I am more confused when I saw sometimes we need codepage parameter for wide character conversion, and sometimes we do not need for conversion. Here are two examples,
code page is used in WideCharToMultiByte when dealing with unciode character
int WideCharToMultiByte ( UINT CodePage, DWORD dwFlags, LPCWSTR lpWideCharStr, int cchWideChar, LPSTR lpMultiByteStr, int cbMultiByte, LPCSTR lpDefaultChar, LPBOOL lpUsedDefaultChar );
code page is not used in wcstombs when dealing with unciode character
size_t wcstombs ( char* mbstr, const wchar_t* wcstr, size_t count );
My question is, what is codepage (seems my current understanding is not correct)? Does codepage have anything to do with multi-byte character or only have relationship with wide character? Could anyone explain the meaning and relationship between codepage, wide character and multi-byte character?
thanks in advance, George
Mihai N. - 03 May 2007 06:14 GMT About code page: http://www.mihai-nita.net/article.php?artID=20060806a
> code page is not used in wcstombs when dealing with unciode character wcstombs is a "dumb-down" version of WideCharToMultiByte It uses the default system code page (or ANSI code page), and the user has less control of the various conversion options (dwFlags)
In fact, wcstombs is implemented in terms of WideCharToMultiByte.
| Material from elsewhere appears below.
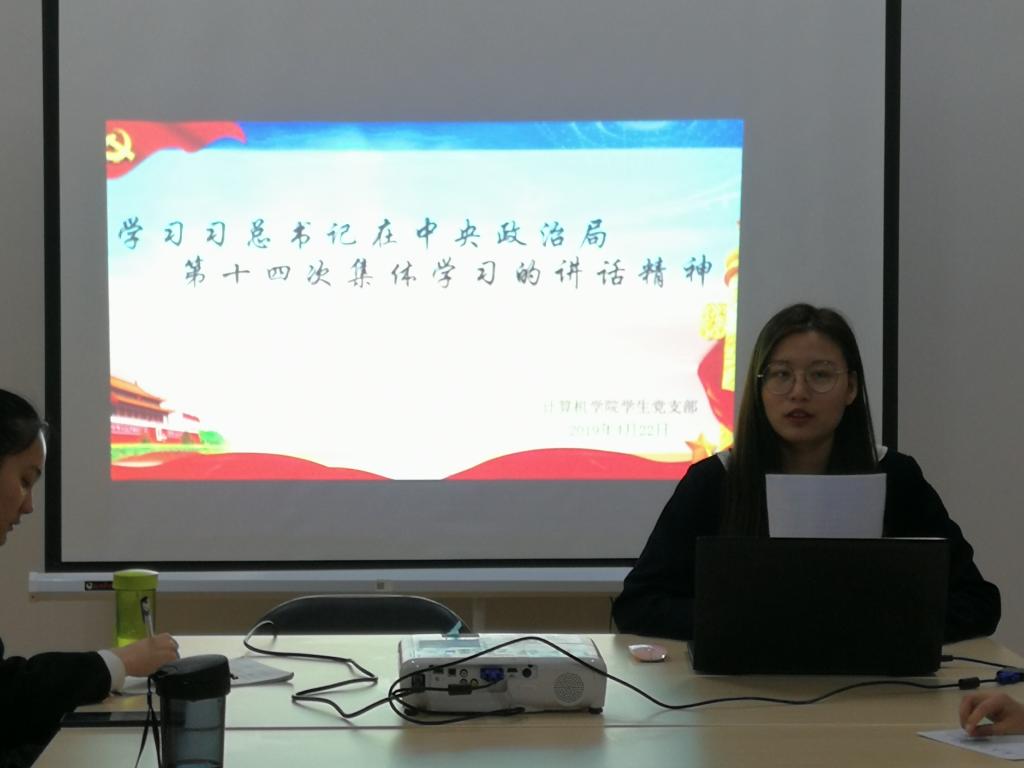 4月22日,九游体育官网学生党支部组织发展对象、积极分子和团员代表学习“习近平总书记在中央政治局第十四次集体学习的讲话”精神。

 Signature Mihai Nita [Microsoft MVP, Windows - SDK] http://www.mihai-nita.net ------------------------------------------ Replace _year_ with _ to get the real email
George - 03 May 2007 13:38 GMT Thanks Mihai!
It is a very good article and I read through it twice. It solves and clarifies most of my questions. I still want to let you help to confirm,
1. Unicode, ANSI UTF-8 and UTF-16 is character set or code page, number mapping between character and number, is that correct?
2. What is the encoding approach? Does it has a name? I only see B or Q in the samples in the article to represent encoding approach.
I think encoding approach is another level of mapping between code page character number and storage bytes. Is my understanding correct?
regards, George
> About code page: > http://www.mihai-nita.net/article.php?artID=20060806a [quoted text clipped - 6 lines] > > In fact, wcstombs is implemented in terms of WideCharToMultiByte. Mihai N. - 04 May 2007 11:01 GMT > 1. Unicode, ANSI UTF-8 and UTF-16 is character set or code page, number > mapping between character and number, is that correct? Unicode = code page
UTF-8, UTF-16, UTF-32 = Character Encoding Forms http://www.unicode.org/glossary/#character_encoding_form
ANSI = in the Windows lingo ANSI is a misnomer, meaning “the default system code page.” See http://www.mihai-nita.net/article.php?artID=glossary
The Unicode lingo is a bit more complicated (you also have a "Character Encoding Scheme", etc.), but you probably don't need the whole enchilada to get a grasp of the basics.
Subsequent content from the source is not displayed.